== Exercise instructions ==
What you give must be the lines from the one containing "Stunning view of" through the last line of the listing below, exactly, with nothing else and no pictures.

== Provided data ==
+++
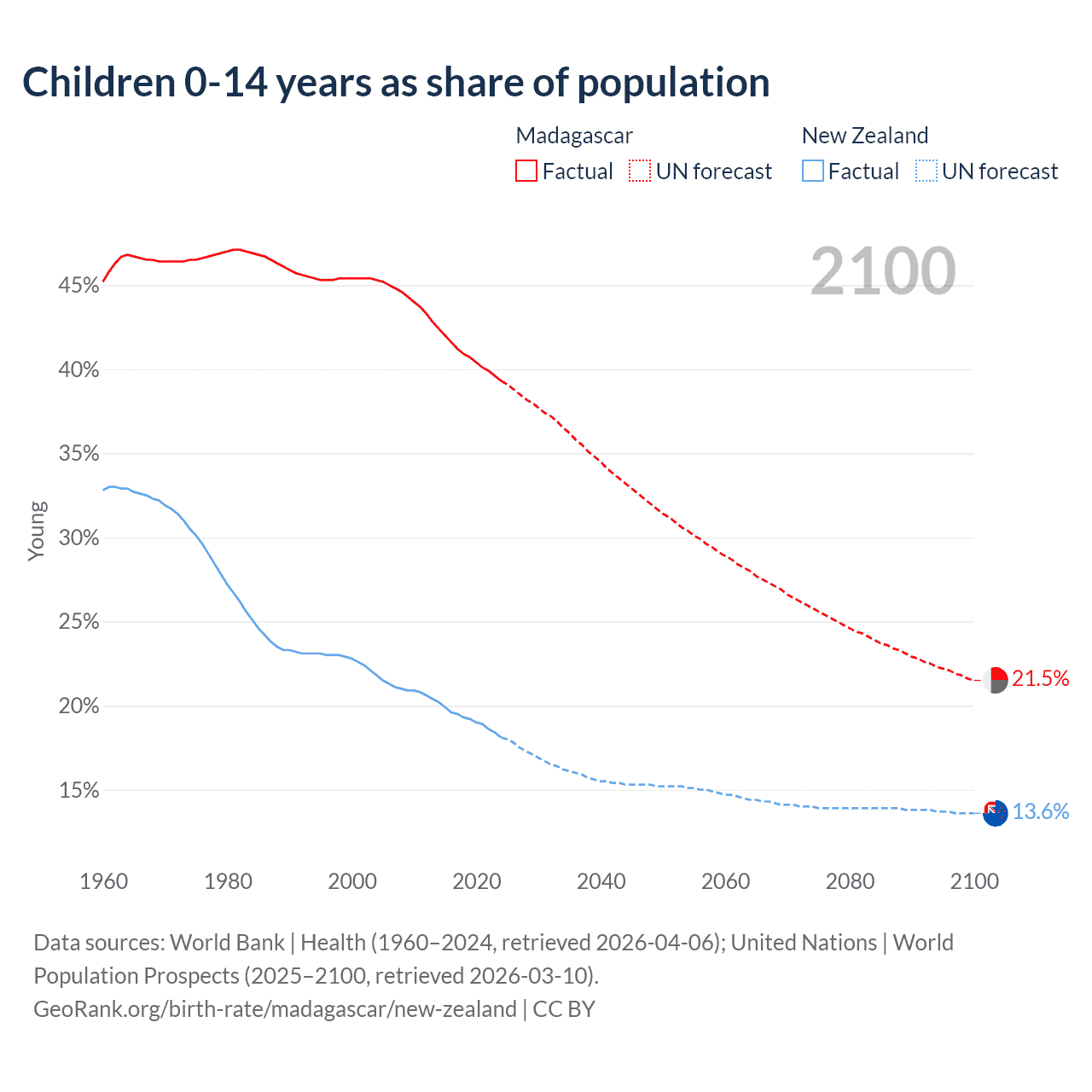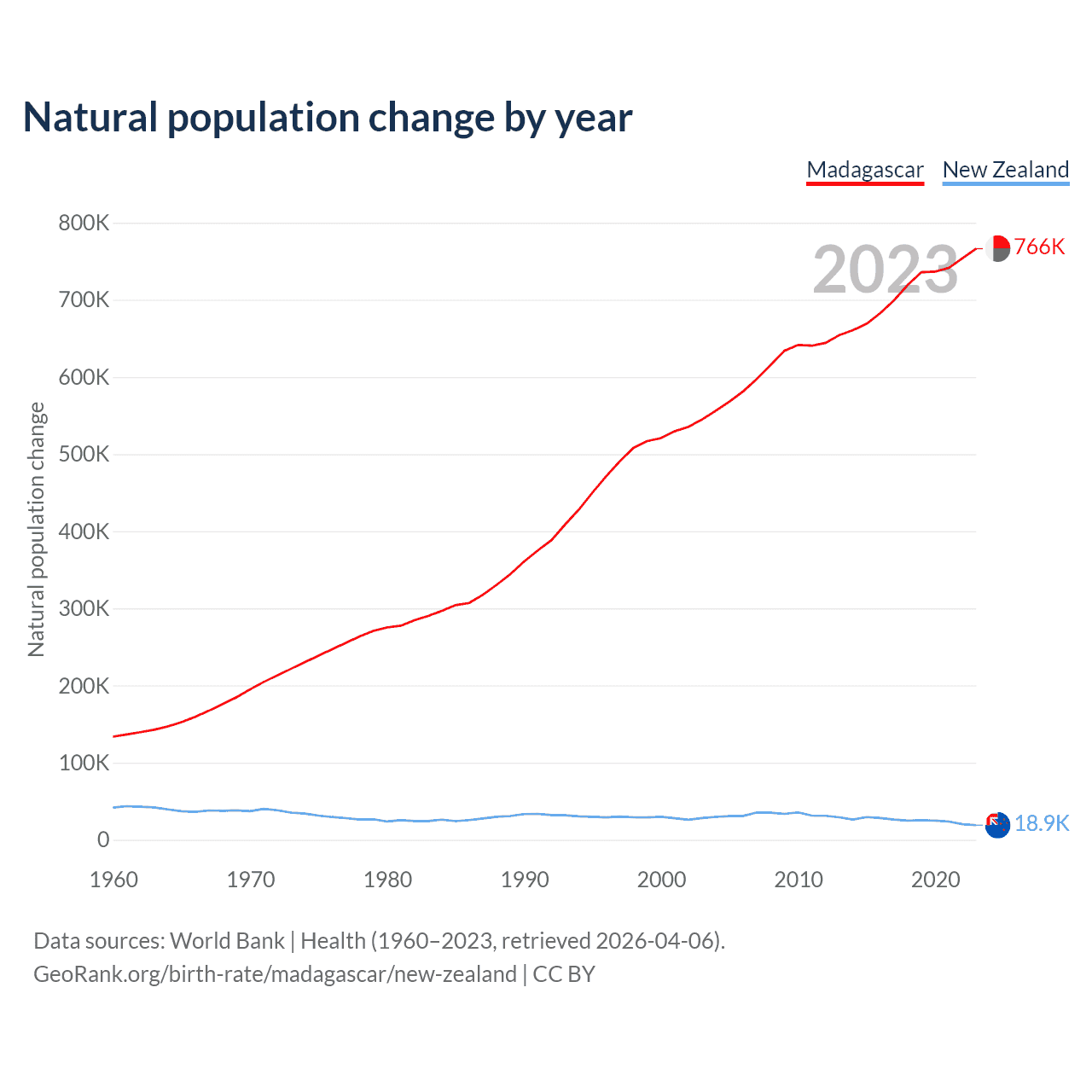 Madagascar has an annual birth rate of 32.1 births per 1,000 people, compared to 10.9 for New Zealand. The average number of children a woman is expected to have during her lifetime — the fertility rate, is 3.97 in Madagascar and 1.56 in New Zealand — 60.7% difference.
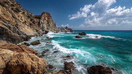Stunning view of turquoise waves breaking along a rocky coast with tall cliffs, under a vibrant blue sky dotted with fluffy white clouds. Beautiful coastal scenery.
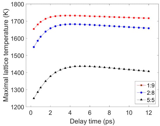 Changes in the maximum lattice temperatures with respect to the delay time for irradiation by double pulses with three energy ratios. The solid red, blue, and black lines represent the results obtained using double pulses with energy ratios of 1:9, 2:8, and 5:5, respectively.
+++
== Solution for this problem ==
Stunning view of turquoise waves breaking along a rocky coast with tall cliffs, under a vibrant blue sky dotted with fluffy white clouds. Beautiful coastal scenery.
 Changes in the maximum lattice temperatures with respect to the delay time for irradiation by double pulses with three energy ratios. The solid red, blue, and black lines represent the results obtained using double pulses with energy ratios of 1:9, 2:8, and 5:5, respectively.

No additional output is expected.